Sospiro, il mio oroscopo dice di portare pazienza, che arriverà l’estate. Non ho pazienza, ma so che nel mio mondo non ci sono solo splendidi papaveri rossi, ma anche giornate di pioggia che accompagnano e fanno scivolare in profondità.
Devo solo ricordarmi di aprire l’ombrello, quando la pioggia è troppo forte, se poi lo trovo del colore dei papaveri, ancora meglio.

Per ascoltare “Tensione evolutiva” clicca qui

L’AMICO IMMAGINARIO


Da piccola non l’ho mai avuto, ma sospetto di averne da adulta.
Parlo dell’amico immaginario.
Parlo anche di amori, situazioni, persone, emozioni, immaginarie.

Me lo sto chiedendo in questi giorni. Avendo io una fervida fantasia, mondi miei, universi miei, credi miei, quanti amici e amori immaginari ho avuto? Ho? Quanti film mai trasmessi ho visto?

Da piccola guardavo le arance e vedendole tonde e arancioni mi domandavo se quello che per me era tondo e arancione per un altro fosse quadrato e giallo, solo che ormai ci comprendevamo lo stesso avendo stabilito un codice per identificare l’arancia. (*)

Ho un sospetto in questi giorni, forte, che in fondo non voglio sapere. Ho degli amici immaginari. Amici con cui parlo, mi apro e credo vicino al cuore. Persone, emozioni che ho fatto entrare anni fa nella mia vita, ma non esistono, sono solo nella mia immaginazione.

Non riesco a trovare risposta, ma forse non voglio, forse dovrei parlarne con te amico immaginario, ma se lo facessi tu, mi diresti che sei reale e vero ed io ti crederei, anche se non lo sei.
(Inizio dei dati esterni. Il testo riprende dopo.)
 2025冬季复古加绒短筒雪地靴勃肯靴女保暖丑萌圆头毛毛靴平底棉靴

Con la frutta è semplice. Con le persone meno.

(*) Si, segaiola mentale fin dalla più tenera età.

FRAMMENTO ROSSO


L’aria fuori è fredda, pungente. Il sole non riesce a scaldarla di prima mattina, eppure io qui, sono immersa in un caldo campo di spighe mosse dal vento.
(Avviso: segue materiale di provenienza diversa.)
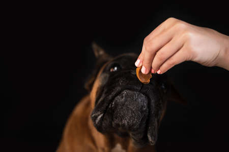 A German boxer dog takes a dog treat from the hands of its owner close-up on a black background. High quality photo

Il sole è alto, il vento avvolge come amante bollente, se chiudo gli occhi, lo sento parlare e sussurrare parole d’amore alle spighe, si piegano e mi accarezzano la pelle mentre cammino tra loro.
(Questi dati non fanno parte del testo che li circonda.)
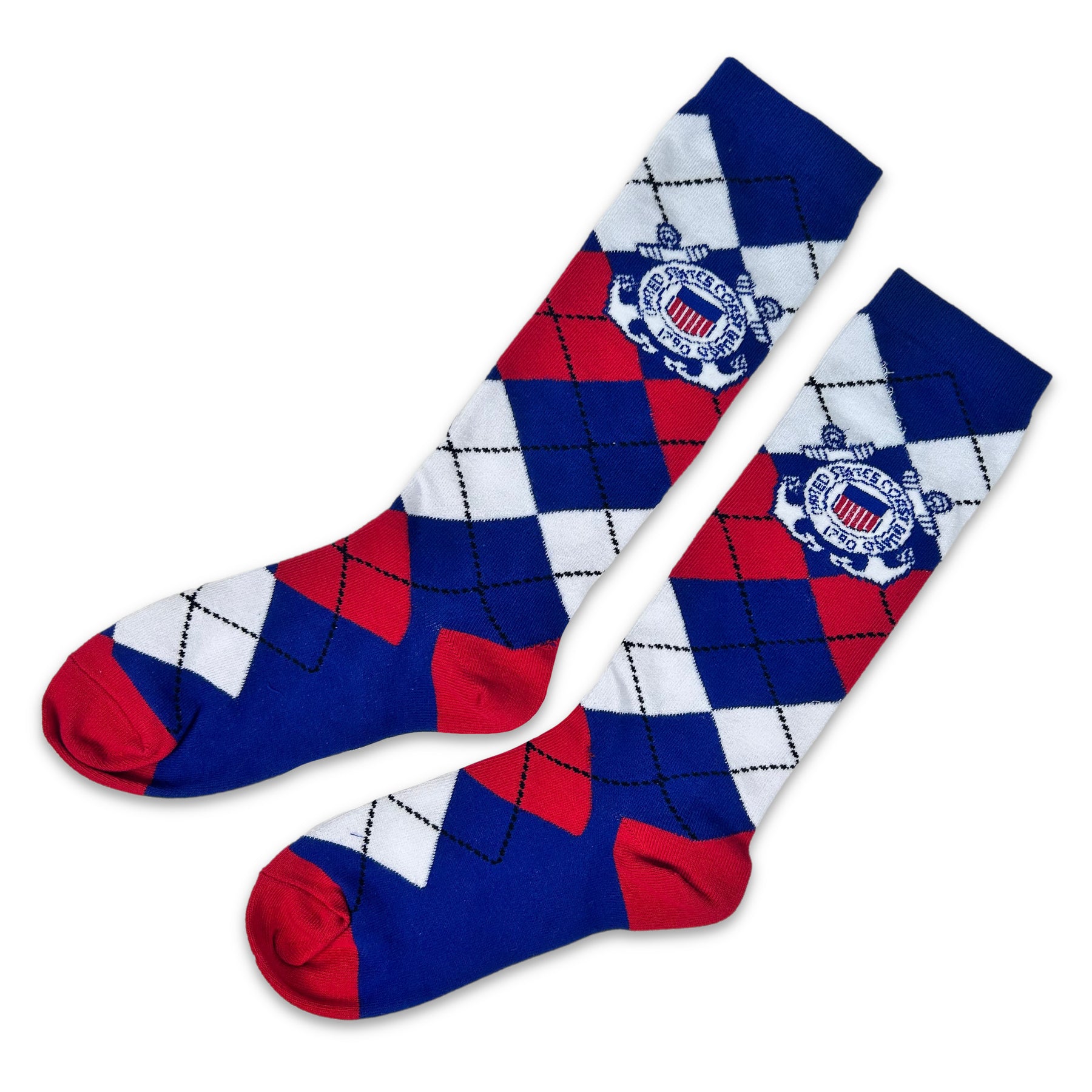 Stay stylish with the Coast Guard Seal Dress Argyle Socks. These classic argyle socks show off the iconic Coast Guard Seal with a comfortable material for all-day wear. Upgrade any outfit with these classic socks!

Ritorno, guardo fuori dalla finestra, l’ho sempre avuta questa capacità di viaggiare nei sogni e nelle emozioni, nel bene e nel male.
Ricordo parole dettemi: “Vivi su un altro pianeta, ti parlo ma non ci sei, dove sei ora? Il tuo corpo è qui ma tu non ci sei”.
Andavo via, io qua non ci vivevo bene. Poi sono cresciuta, non potevo più andarmene tutte le volte che avrei voluto. Da allora ho imparato a portare pezzi del mio mondo in questo mondo. Ora un piccolo frammento è qui.

Oggi fuori il cielo è azzurro, l’aria è calda, l’estate è nel suo fulgore, i grilli mi cantano serenate mentre vado incontro a quel papavero rosso in mezzo al campo di grano.